Automatically Generating Subtitles: Is it Possible?

OpenAI recently released their own text-to-speech API, allowing you to voice over any text that you have.

This got me thinking, could I use the tts-bot to automatically generate subtitles, on top of the voice over?

It’s not entirely far-fetched, since subtitle files only consist of two things:

  1. text
  2. time at which the text is spoken

Obviously, we already have the text, since that is what we’re feeding to the tts-bot. So, the only missing component is number 2. We just need to know at which time each word is being spoken in the voice over.

That begs the question: is this information available somewhere in the code for OpenAI’s tts-bot?

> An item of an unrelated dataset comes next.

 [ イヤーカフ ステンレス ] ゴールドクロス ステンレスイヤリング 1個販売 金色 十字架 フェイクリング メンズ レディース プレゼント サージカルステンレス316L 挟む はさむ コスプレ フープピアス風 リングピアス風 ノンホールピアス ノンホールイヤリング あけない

I wonder if this data is available somewhere in the tts-method. From a brief search online, I could not find anything relevant.

Nonetheless, I think it is likely this information exists somewhere in the bot’s code, and is parseable for us to use.

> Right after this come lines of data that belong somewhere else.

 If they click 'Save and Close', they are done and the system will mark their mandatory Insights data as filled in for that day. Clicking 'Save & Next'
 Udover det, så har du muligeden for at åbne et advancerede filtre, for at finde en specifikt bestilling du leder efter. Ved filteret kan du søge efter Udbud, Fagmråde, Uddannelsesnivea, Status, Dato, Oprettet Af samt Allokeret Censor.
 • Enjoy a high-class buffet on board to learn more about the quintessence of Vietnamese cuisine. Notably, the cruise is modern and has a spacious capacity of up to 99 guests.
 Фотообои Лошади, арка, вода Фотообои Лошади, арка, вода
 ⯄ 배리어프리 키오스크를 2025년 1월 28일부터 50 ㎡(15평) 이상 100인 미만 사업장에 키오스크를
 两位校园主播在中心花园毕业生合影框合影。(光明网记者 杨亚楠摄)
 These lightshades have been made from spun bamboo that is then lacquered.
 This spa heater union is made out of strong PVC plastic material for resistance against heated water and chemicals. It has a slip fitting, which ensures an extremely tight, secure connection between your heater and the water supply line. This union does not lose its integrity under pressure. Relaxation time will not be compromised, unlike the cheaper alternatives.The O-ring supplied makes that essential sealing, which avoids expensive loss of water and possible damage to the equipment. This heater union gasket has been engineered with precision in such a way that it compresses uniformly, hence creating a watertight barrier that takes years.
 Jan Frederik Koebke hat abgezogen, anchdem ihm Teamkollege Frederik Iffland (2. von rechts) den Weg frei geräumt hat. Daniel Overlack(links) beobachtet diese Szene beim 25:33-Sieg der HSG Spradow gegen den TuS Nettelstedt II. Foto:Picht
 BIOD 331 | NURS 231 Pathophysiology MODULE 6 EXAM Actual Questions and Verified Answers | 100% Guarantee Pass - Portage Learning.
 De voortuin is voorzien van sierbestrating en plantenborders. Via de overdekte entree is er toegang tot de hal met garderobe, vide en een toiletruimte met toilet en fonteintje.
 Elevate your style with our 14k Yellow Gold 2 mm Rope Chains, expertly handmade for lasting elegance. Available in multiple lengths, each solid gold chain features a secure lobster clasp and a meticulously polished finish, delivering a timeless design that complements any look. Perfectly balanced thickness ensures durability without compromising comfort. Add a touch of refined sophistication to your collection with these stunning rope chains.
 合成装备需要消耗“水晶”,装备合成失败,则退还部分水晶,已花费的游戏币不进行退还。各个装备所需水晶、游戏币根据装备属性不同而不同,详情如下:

This certainly would be great to have.

Currently you can:

a. Send to whisper-1 and get transcription.

b. Divide the text into sentences, get speech, find the the length of the audio segment and mark start and `end’ for each sentence. Concatenate the audio files and you have full speech with subtitles.

This is a great general solution. You’ll know when each sentence starts and ends. What would be even better is to know when each word starts and ends, that way you can break up subtitles if you need to (ie if the full sentence is too long for one subtitle line).

In that case, access to more time data would be helpful.

It would be great to have a solution like this. Interestingly AWS Transcribe allows the generation of subtitles.

@matthewethan did you find any OpenAI based solution yet?